** Supplied records follows **

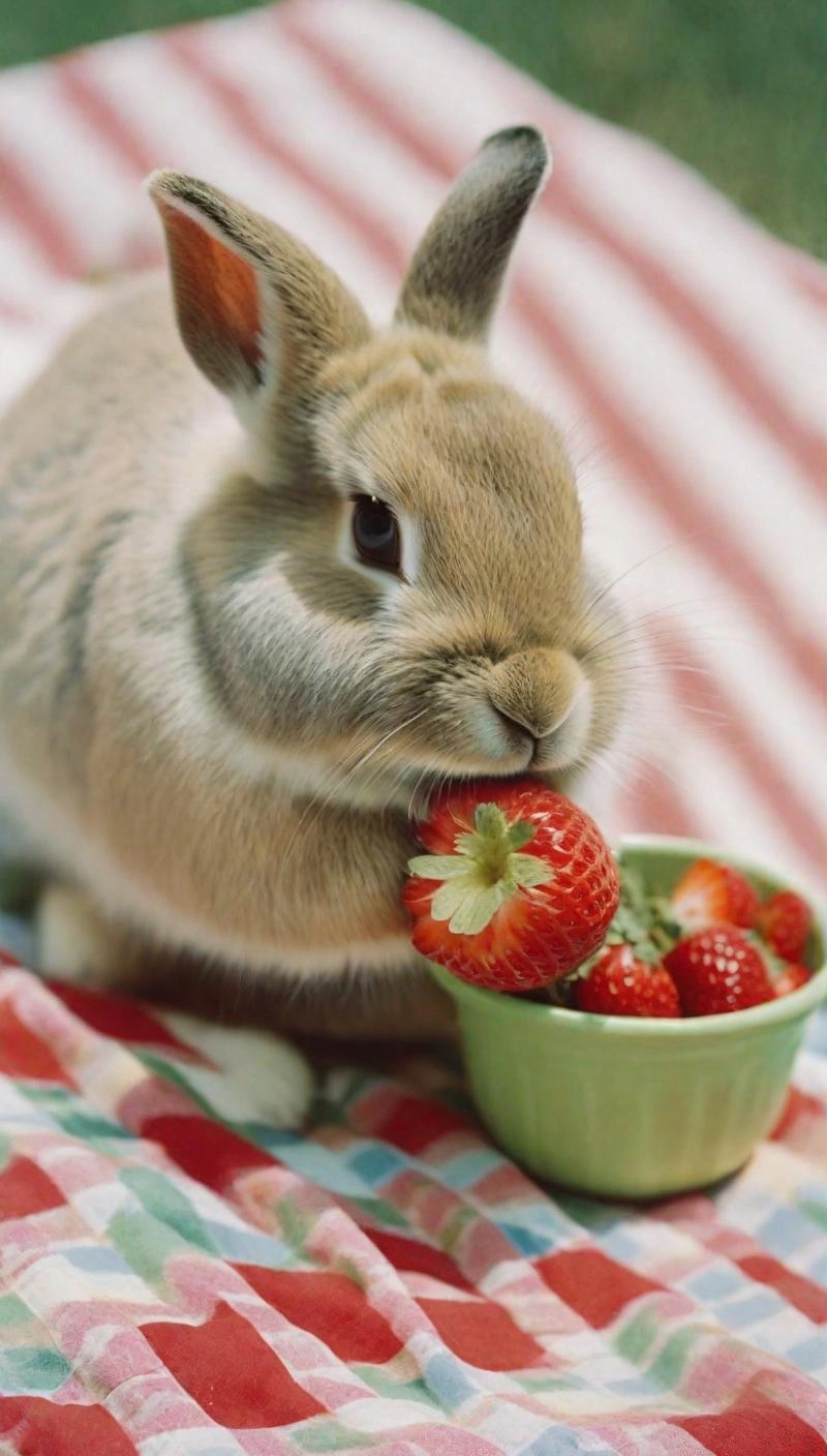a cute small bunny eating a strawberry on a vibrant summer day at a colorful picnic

** End of Supplied records **
** Supplied records follows **

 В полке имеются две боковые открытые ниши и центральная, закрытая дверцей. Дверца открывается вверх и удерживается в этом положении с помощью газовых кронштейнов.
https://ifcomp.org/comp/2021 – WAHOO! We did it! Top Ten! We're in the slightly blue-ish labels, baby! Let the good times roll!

** End of Supplied records **

▸ **What is expected**
Write down, word for word, the lines above from the one containing "В полке имеются" through the one containing "https://ifcomp.org/comp/2021 – WAHOO!", both ends included.

▸ **Answer to this task**
 В полке имеются две боковые открытые ниши и центральная, закрытая дверцей. Дверца открывается вверх и удерживается в этом положении с помощью газовых кронштейнов.
https://ifcomp.org/comp/2021 – WAHOO! We did it! Top Ten! We're in the slightly blue-ish labels, baby! Let the good times roll!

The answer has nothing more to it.